Practice Book § 4009 provides twenty days in which to file an appeal after the rendition of judgment. Practice Book § 4046 provides in pertinent part: “In all actions, except where otherwise provided by statute or other law, proceedings to enforce or carry out the judgment shall be automatically stayed until the time to take an appeal has expired; if an appeal is filed, such proceedings shall be stayed until the final determination of the cause; and, if the case goes to judgment on appeal, until ten days after the decision is announced . . . .”
It may be argued that a proceeding contemplated by § 4046 is the foreclosure of the judgment lien, not the filing of the judgment lien. Common sense and simplic*526ity of procedure, however, should prevail and the time for filing of a judgment lien after a judgment is rendered should be part of what is stayed under Practice Book § 4046.

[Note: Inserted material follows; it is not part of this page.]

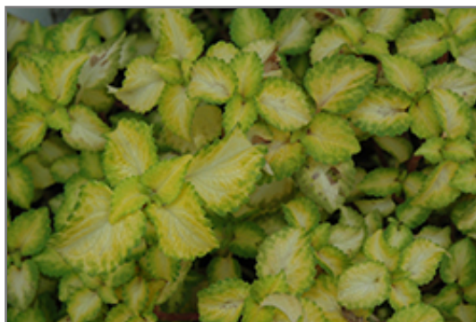
Terra Nova Electric Slide Coleus foliage
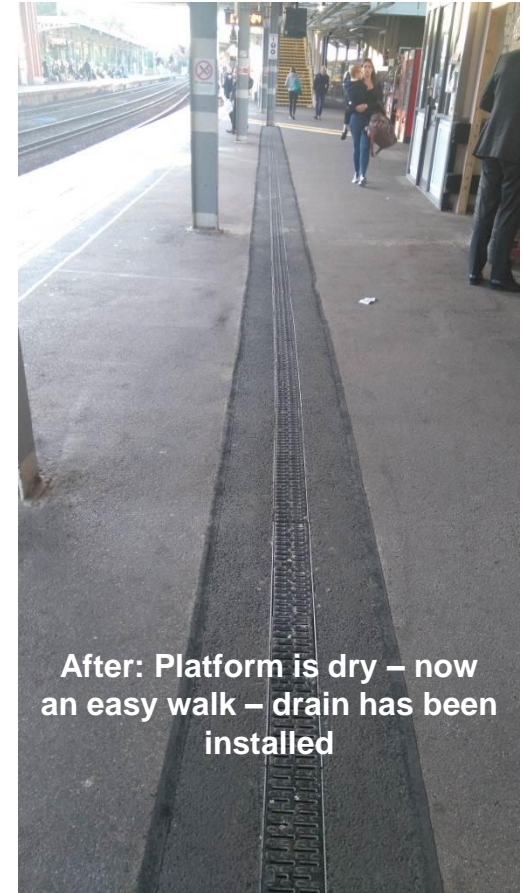
After: Platform is dry – now an easy walk – drain has been installed

I would sustain the judgment of the trial court and find that once a judgment of money damages is reversed on appeal and a new judgment is rendered and sustained on appeal, the plaintiff has four months from the sustaining of the second judgment on appeal to file a judgment hen pursuant to General Statutes § 52-328 (b),1 and that such a judgment lien would relate back to the attachment filed at the commencement of the action.
I respectfully dissent.

 General Statutes § 52-328 (b) provides: “No real estate that has been attached may be held subject to the attachment to respond to the judgment obtained in the suit, either against the debtor or any other creditor, unless the judgment creditor places a judgment lien on the real estate within four months after a final judgment.”